*** Extracted entries Section Begins ***

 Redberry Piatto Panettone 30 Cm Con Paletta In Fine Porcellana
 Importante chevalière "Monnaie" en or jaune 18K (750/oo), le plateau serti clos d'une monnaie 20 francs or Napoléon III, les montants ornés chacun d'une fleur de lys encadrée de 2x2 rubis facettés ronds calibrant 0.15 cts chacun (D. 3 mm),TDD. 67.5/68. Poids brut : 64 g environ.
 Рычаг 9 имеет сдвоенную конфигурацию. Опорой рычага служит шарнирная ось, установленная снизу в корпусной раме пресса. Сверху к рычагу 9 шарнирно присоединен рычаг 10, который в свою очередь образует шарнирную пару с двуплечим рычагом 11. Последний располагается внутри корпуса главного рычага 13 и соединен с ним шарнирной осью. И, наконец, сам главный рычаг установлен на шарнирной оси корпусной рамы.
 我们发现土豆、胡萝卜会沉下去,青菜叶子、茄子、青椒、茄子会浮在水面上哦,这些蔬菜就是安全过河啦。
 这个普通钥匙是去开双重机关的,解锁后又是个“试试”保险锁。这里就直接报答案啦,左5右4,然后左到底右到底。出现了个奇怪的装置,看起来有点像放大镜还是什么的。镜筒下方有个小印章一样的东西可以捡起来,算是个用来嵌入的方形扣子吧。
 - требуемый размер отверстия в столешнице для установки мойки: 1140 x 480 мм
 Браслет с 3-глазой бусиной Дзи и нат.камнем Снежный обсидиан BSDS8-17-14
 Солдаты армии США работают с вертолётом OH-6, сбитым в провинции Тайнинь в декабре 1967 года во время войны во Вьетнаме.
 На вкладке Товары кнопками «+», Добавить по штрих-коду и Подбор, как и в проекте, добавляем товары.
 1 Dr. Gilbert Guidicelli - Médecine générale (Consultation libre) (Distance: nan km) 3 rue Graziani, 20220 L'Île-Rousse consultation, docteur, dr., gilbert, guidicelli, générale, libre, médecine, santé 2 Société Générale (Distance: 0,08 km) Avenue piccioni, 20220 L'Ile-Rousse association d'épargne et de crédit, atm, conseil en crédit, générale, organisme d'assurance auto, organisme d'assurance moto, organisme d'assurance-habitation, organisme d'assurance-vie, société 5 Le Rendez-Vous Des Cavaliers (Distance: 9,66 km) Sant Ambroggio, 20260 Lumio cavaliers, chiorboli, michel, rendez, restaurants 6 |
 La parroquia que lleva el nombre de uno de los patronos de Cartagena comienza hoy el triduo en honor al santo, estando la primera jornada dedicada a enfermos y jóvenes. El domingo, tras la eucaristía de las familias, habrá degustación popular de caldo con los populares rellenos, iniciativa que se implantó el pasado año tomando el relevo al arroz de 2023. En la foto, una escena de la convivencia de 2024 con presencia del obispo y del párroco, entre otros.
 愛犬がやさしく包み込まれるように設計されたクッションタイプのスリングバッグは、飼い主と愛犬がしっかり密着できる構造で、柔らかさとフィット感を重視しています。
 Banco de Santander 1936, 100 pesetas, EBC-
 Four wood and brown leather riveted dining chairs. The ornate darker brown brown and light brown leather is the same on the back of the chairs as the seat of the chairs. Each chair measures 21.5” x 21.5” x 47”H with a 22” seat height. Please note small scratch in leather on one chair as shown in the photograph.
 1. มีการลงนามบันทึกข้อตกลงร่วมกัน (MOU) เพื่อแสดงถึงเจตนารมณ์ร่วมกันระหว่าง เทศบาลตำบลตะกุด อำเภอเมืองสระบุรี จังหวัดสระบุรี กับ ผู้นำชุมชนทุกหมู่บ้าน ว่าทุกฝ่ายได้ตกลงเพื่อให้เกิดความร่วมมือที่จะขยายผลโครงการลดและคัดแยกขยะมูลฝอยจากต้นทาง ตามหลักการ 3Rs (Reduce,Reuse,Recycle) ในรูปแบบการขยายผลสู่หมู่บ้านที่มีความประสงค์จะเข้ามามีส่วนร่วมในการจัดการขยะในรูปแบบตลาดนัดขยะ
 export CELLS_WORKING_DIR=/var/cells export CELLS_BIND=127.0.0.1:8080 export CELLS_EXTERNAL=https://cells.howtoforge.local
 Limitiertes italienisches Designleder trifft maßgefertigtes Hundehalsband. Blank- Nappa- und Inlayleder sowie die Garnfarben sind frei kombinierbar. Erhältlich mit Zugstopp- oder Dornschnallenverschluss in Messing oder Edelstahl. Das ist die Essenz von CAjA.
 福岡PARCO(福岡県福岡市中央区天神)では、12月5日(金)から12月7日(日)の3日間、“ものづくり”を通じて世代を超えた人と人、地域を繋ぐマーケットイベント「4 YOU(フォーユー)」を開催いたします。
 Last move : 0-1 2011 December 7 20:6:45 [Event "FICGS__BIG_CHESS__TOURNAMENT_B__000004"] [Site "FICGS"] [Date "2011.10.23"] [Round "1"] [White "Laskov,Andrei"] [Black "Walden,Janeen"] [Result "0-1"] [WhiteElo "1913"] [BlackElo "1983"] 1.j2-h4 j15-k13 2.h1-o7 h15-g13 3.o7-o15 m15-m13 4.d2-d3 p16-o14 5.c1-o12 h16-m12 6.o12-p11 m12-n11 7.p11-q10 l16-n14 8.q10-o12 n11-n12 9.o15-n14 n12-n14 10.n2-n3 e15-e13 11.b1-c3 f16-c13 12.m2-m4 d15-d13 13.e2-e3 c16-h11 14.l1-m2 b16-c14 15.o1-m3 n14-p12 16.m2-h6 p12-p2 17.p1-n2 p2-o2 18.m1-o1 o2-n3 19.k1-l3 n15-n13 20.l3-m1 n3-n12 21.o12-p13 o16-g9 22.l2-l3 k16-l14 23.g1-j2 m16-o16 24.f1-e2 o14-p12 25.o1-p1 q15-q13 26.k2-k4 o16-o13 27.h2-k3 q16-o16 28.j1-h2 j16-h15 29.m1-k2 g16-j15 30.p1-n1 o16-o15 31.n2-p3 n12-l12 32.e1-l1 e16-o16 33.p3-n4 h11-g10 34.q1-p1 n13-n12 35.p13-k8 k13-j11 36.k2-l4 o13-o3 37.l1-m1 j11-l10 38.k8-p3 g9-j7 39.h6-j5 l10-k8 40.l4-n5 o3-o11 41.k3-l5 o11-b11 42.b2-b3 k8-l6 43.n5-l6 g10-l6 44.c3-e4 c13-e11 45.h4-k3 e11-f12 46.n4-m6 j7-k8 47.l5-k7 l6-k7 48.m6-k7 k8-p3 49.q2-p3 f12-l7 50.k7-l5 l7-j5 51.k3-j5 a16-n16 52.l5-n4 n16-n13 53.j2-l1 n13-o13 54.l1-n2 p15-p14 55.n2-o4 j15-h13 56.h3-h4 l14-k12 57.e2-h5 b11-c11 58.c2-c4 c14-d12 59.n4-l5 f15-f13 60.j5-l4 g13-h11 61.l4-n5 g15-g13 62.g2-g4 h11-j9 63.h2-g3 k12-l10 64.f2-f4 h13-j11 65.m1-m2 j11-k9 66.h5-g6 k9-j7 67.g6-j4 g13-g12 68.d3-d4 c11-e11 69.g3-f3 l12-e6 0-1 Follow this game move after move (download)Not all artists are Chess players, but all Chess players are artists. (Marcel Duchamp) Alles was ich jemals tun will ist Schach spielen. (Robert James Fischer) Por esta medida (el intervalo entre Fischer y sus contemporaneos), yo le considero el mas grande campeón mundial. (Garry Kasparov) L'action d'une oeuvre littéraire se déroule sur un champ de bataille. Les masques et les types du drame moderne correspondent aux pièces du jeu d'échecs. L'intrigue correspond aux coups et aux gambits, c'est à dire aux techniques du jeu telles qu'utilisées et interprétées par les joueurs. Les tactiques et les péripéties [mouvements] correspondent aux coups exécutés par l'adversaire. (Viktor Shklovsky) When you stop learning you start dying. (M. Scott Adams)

*** Extracted entries Section Ends ***

**What is required**. Among the entries above, locate the lines containing "这个普通钥匙是去开双重机关的" and "Banco de Santander", and transcribe exactly those two lines and all lines between.

**Task output**.
 这个普通钥匙是去开双重机关的,解锁后又是个“试试”保险锁。这里就直接报答案啦,左5右4,然后左到底右到底。出现了个奇怪的装置,看起来有点像放大镜还是什么的。镜筒下方有个小印章一样的东西可以捡起来,算是个用来嵌入的方形扣子吧。
 - требуемый размер отверстия в столешнице для установки мойки: 1140 x 480 мм
 Браслет с 3-глазой бусиной Дзи и нат.камнем Снежный обсидиан BSDS8-17-14
 Солдаты армии США работают с вертолётом OH-6, сбитым в провинции Тайнинь в декабре 1967 года во время войны во Вьетнаме.
 На вкладке Товары кнопками «+», Добавить по штрих-коду и Подбор, как и в проекте, добавляем товары.
 1 Dr. Gilbert Guidicelli - Médecine générale (Consultation libre) (Distance: nan km) 3 rue Graziani, 20220 L'Île-Rousse consultation, docteur, dr., gilbert, guidicelli, générale, libre, médecine, santé 2 Société Générale (Distance: 0,08 km) Avenue piccioni, 20220 L'Ile-Rousse association d'épargne et de crédit, atm, conseil en crédit, générale, organisme d'assurance auto, organisme d'assurance moto, organisme d'assurance-habitation, organisme d'assurance-vie, société 5 Le Rendez-Vous Des Cavaliers (Distance: 9,66 km) Sant Ambroggio, 20260 Lumio cavaliers, chiorboli, michel, rendez, restaurants 6 |
 La parroquia que lleva el nombre de uno de los patronos de Cartagena comienza hoy el triduo en honor al santo, estando la primera jornada dedicada a enfermos y jóvenes. El domingo, tras la eucaristía de las familias, habrá degustación popular de caldo con los populares rellenos, iniciativa que se implantó el pasado año tomando el relevo al arroz de 2023. En la foto, una escena de la convivencia de 2024 con presencia del obispo y del párroco, entre otros.
 愛犬がやさしく包み込まれるように設計されたクッションタイプのスリングバッグは、飼い主と愛犬がしっかり密着できる構造で、柔らかさとフィット感を重視しています。
 Banco de Santander 1936, 100 pesetas, EBC-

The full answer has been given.